Data entries
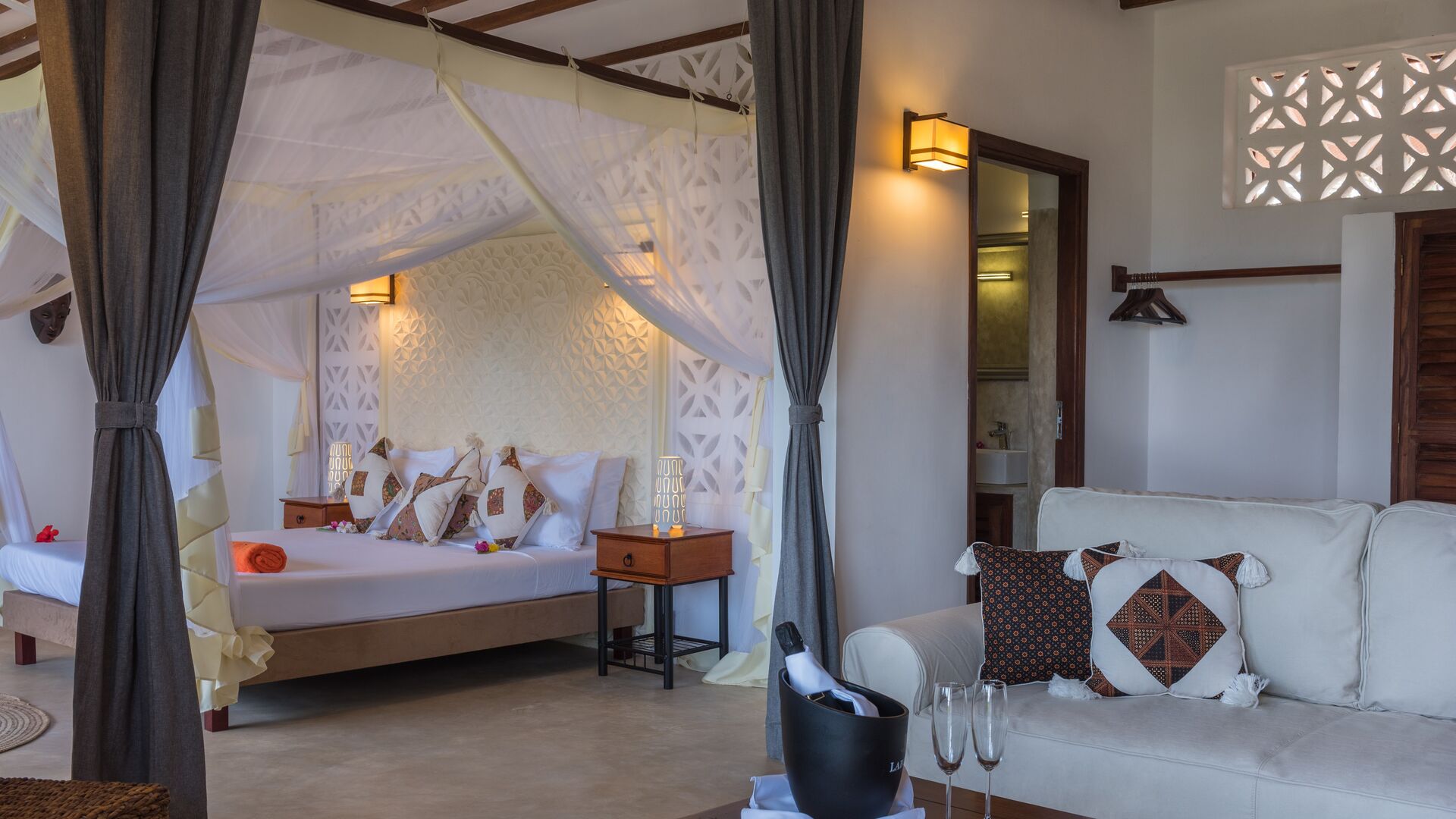 Så er der brudesuiten på 70 kvadratmeter. Det består et soveværelse forbundet med en stor stue, en afslappende stor sofa og stilfuldt bord. Luksus strækker sig til verandaen i dobbelt størrelse, som er et perfekt sted at nyde udsigten over stranden og havet. Den airconditionerede Honeymoon Seaview Suite kan forbindes med det tilstødende værelse for at skabe et luksuriøst rum på mere end 110 kvadratmeter. Med to rummelige badeværelser er det en ægte perle for en familie eller en gruppe på op til syv venner.
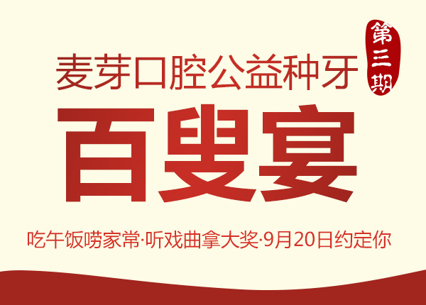 缺牙的你,美食嚼不动、咬不烂……吃饭不是享受,而是折磨!缺牙的你是否还在担心活动牙、烤瓷牙不好用?想种牙又有很多疑问?为了向市民更好的普及口腔健康知识,帮助市民在缺牙修复上做出更好的选择,在9月20日,麦芽口腔将举办"幸福晚年有口福 公益种牙百叟宴"第三期,现在网络报名预约,还能享受特价种植体4800元的优惠!
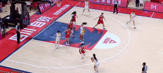 两队随后进入到对抗的胶着期,你来我往,斗智斗勇。下一个回合,王思雨倒地抢球,然后传给队友!
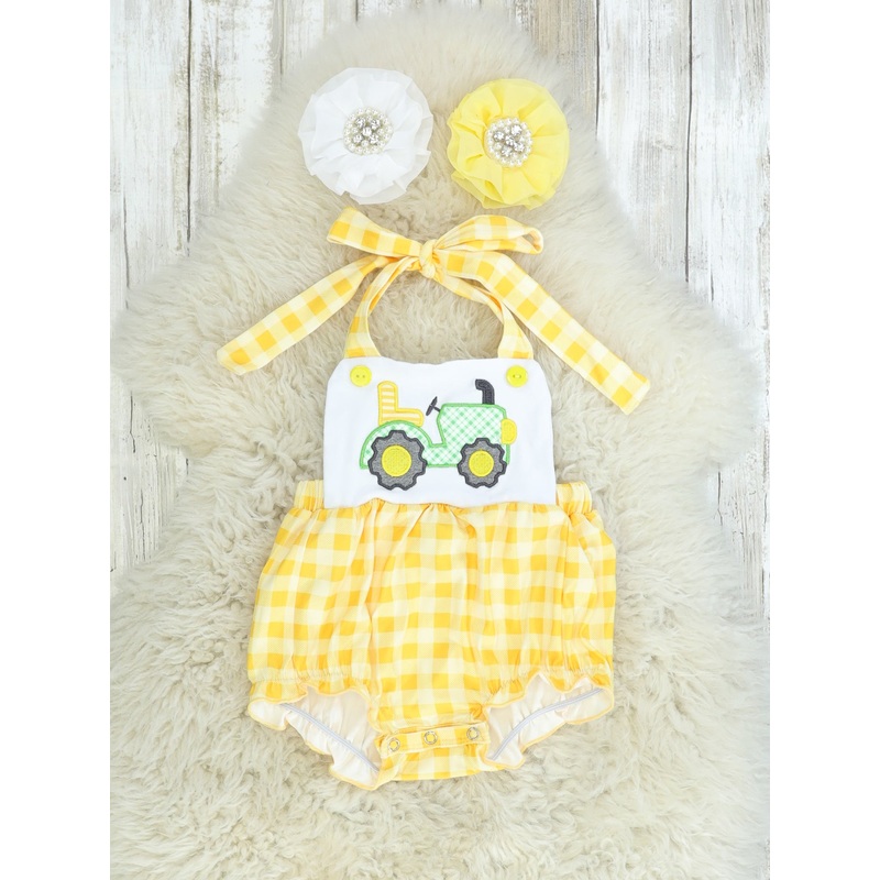 How cute is this sister set! We love the yellow and white check print, tractor appliqu, ruffle trim and halter neckline!Fits true to size.50% Cotton, 50% Polyester.Accessories sold separately.Snap buttons.Adjustable tie neckline.Add $6.99 for the headband.
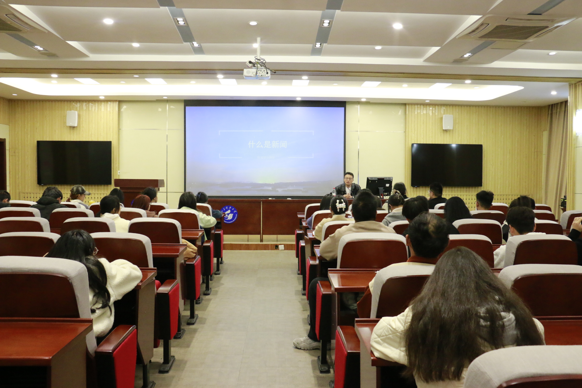会上,任波老师从“新闻的定义”“新闻的作用意义”以及“新闻的主要特征”三个方面对新闻进行了详细介绍和讲解,结合近年来的工作和典型案例,介绍了在媒体深度融合背景下,如何加强新闻宣传和创新。此外,他将同学们所学专业特点和新闻特点进行比较分析,并对新闻的写法进行了拆分讲解,现场气氛活跃,反响极佳。

# EXERCISE DESCRIPTION
Reproduce the data above line for line, from its first line through the line containing "两队随后进入到对抗的胶着期,你来我往,斗", both ends included, with the pictures omitted and nothing more.

# PROBLEM SOLUTION
 Så er der brudesuiten på 70 kvadratmeter. Det består et soveværelse forbundet med en stor stue, en afslappende stor sofa og stilfuldt bord. Luksus strækker sig til verandaen i dobbelt størrelse, som er et perfekt sted at nyde udsigten over stranden og havet. Den airconditionerede Honeymoon Seaview Suite kan forbindes med det tilstødende værelse for at skabe et luksuriøst rum på mere end 110 kvadratmeter. Med to rummelige badeværelser er det en ægte perle for en familie eller en gruppe på op til syv venner.
 缺牙的你,美食嚼不动、咬不烂……吃饭不是享受,而是折磨!缺牙的你是否还在担心活动牙、烤瓷牙不好用?想种牙又有很多疑问?为了向市民更好的普及口腔健康知识,帮助市民在缺牙修复上做出更好的选择,在9月20日,麦芽口腔将举办"幸福晚年有口福 公益种牙百叟宴"第三期,现在网络报名预约,还能享受特价种植体4800元的优惠!
 两队随后进入到对抗的胶着期,你来我往,斗智斗勇。下一个回合,王思雨倒地抢球,然后传给队友!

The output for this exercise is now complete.